Assignment: Your answer must be the exact lines from the one holding "研究组报道了一种催化立体选择" through the end of the entries, with no pictures.

Records contained in a dataset
--
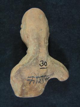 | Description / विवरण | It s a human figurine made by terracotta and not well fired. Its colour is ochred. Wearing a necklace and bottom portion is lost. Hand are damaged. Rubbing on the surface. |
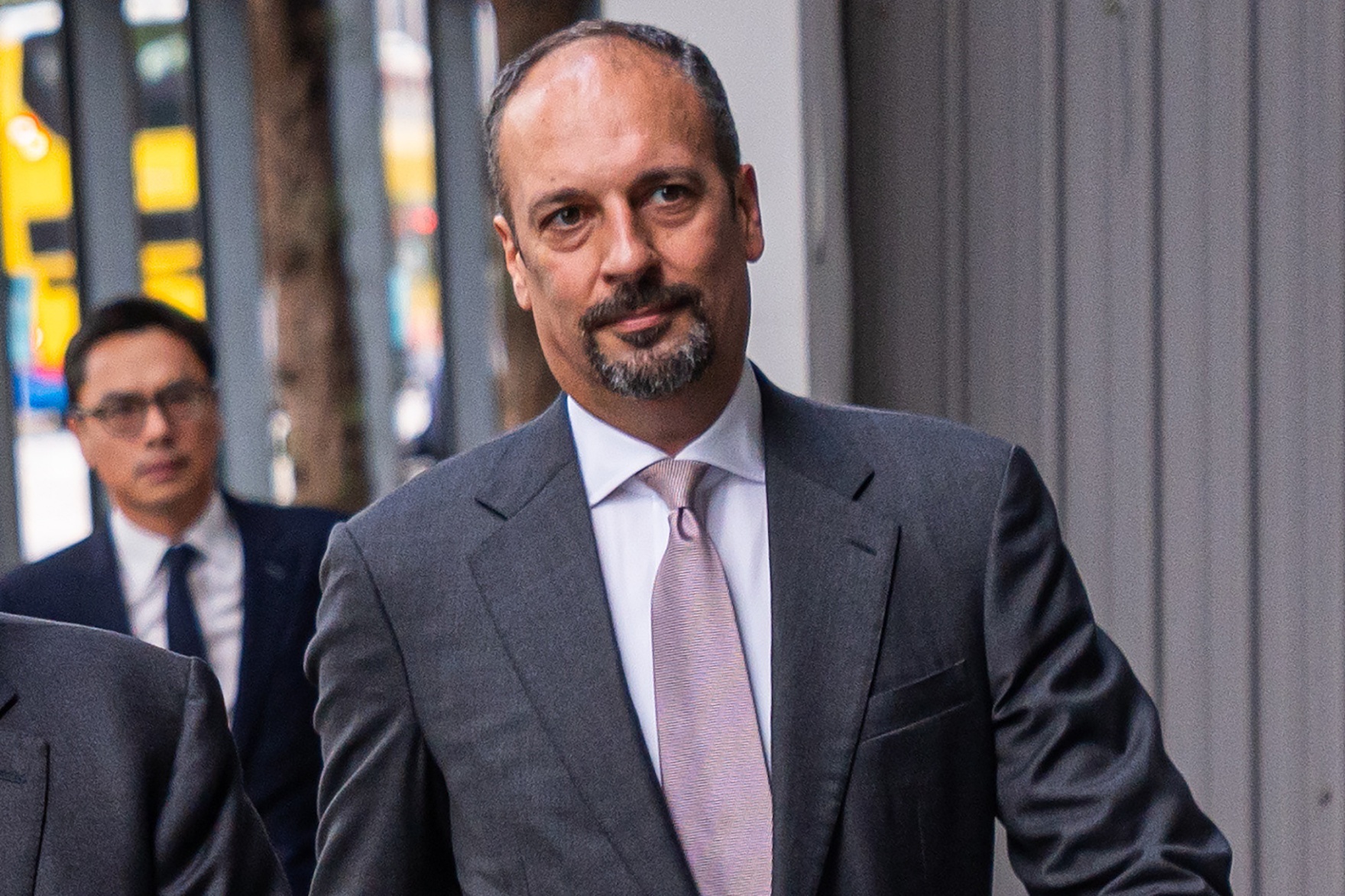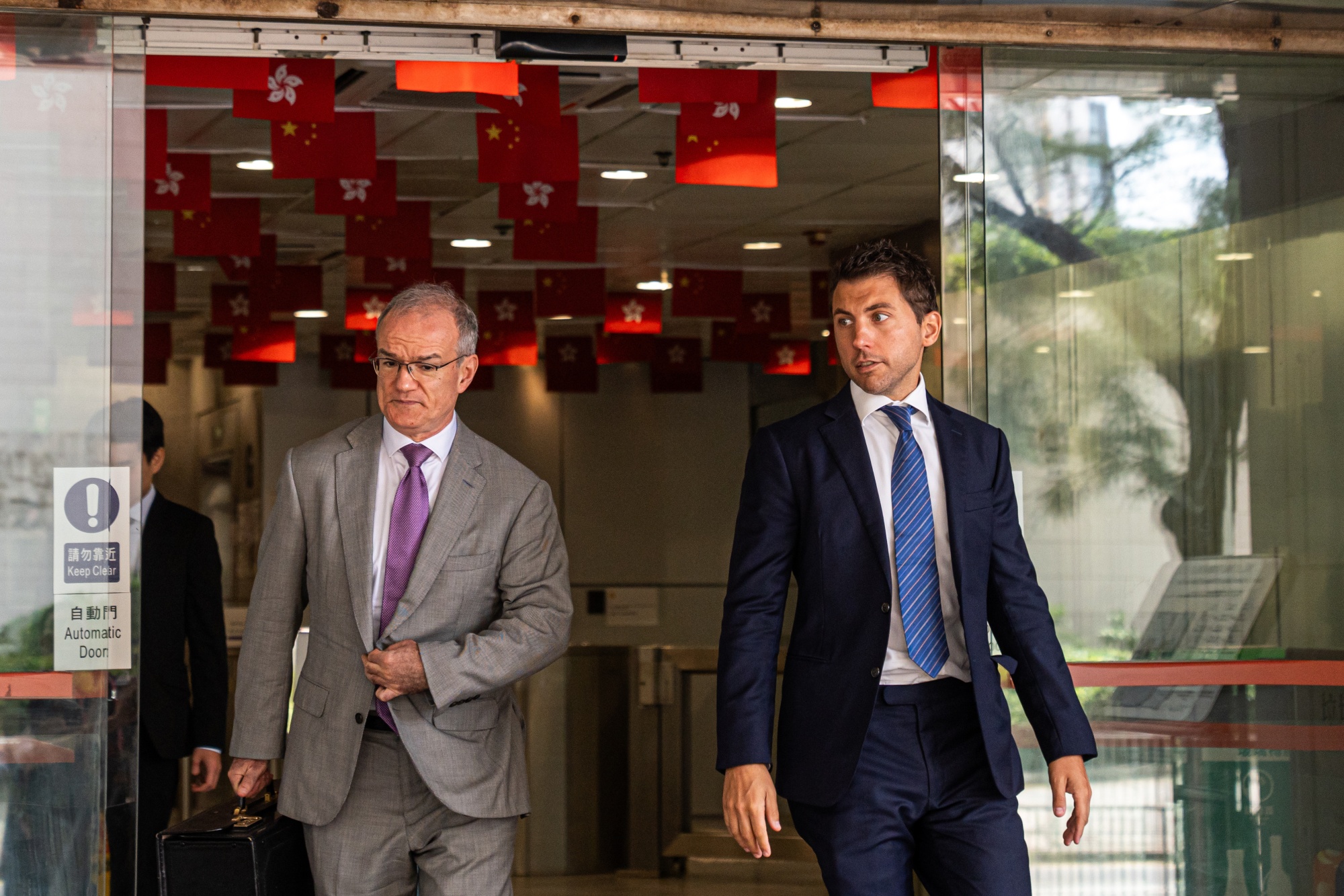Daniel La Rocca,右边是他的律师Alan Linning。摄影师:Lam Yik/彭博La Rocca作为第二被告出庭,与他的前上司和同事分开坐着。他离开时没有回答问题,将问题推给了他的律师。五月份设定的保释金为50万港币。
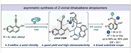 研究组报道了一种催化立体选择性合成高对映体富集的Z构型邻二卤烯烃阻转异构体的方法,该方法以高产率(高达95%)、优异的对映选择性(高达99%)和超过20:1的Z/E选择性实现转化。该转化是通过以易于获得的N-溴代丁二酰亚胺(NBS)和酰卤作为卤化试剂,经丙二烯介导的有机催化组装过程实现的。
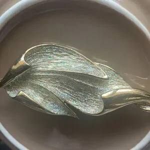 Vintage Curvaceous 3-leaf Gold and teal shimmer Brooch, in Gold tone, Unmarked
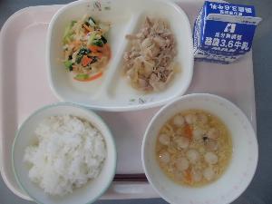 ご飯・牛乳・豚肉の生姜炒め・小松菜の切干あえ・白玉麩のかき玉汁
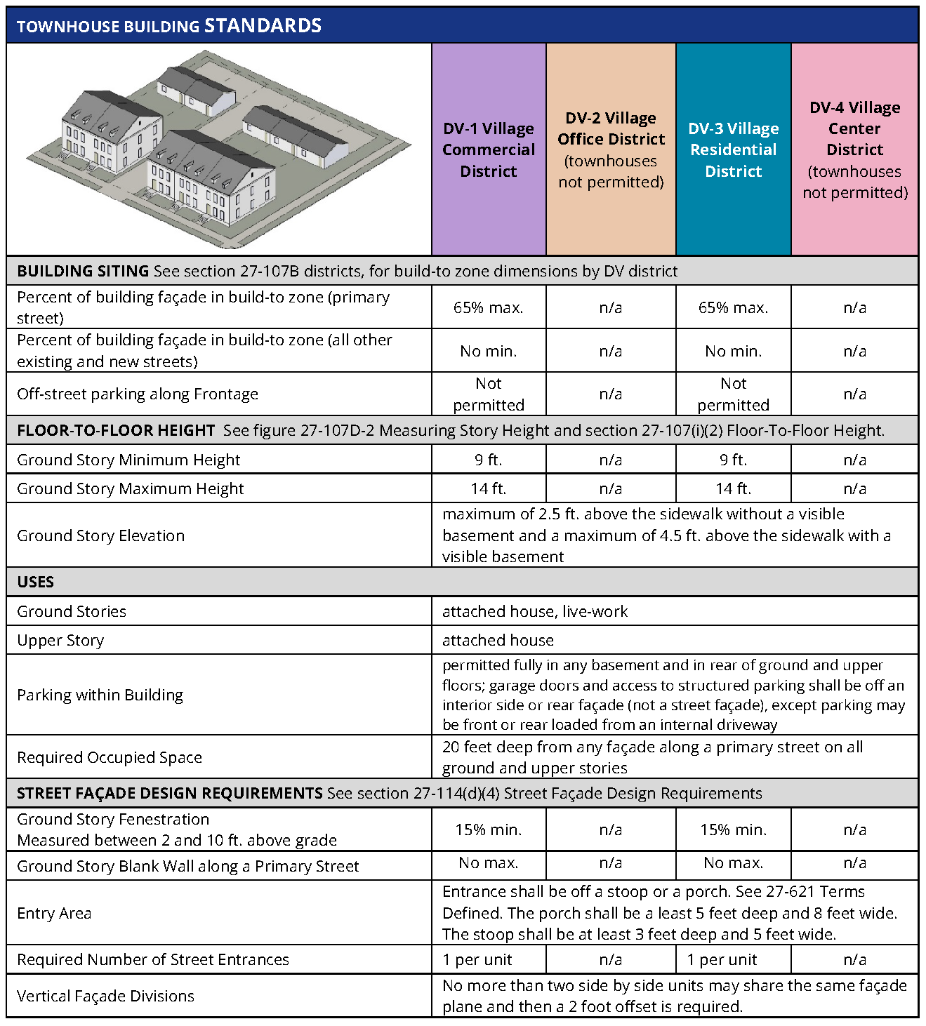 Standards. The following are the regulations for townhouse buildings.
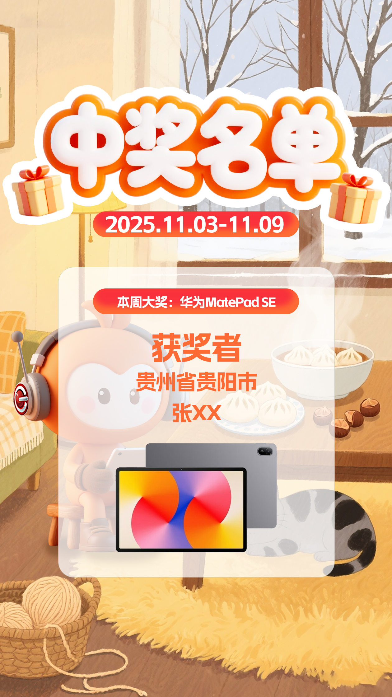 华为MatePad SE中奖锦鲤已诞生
--
Completed exercise:
 研究组报道了一种催化立体选择性合成高对映体富集的Z构型邻二卤烯烃阻转异构体的方法,该方法以高产率(高达95%)、优异的对映选择性(高达99%)和超过20:1的Z/E选择性实现转化。该转化是通过以易于获得的N-溴代丁二酰亚胺(NBS)和酰卤作为卤化试剂,经丙二烯介导的有机催化组装过程实现的。
 Vintage Curvaceous 3-leaf Gold and teal shimmer Brooch, in Gold tone, Unmarked
 ご飯・牛乳・豚肉の生姜炒め・小松菜の切干あえ・白玉麩のかき玉汁
 Standards. The following are the regulations for townhouse buildings.
 华为MatePad SE中奖锦鲤已诞生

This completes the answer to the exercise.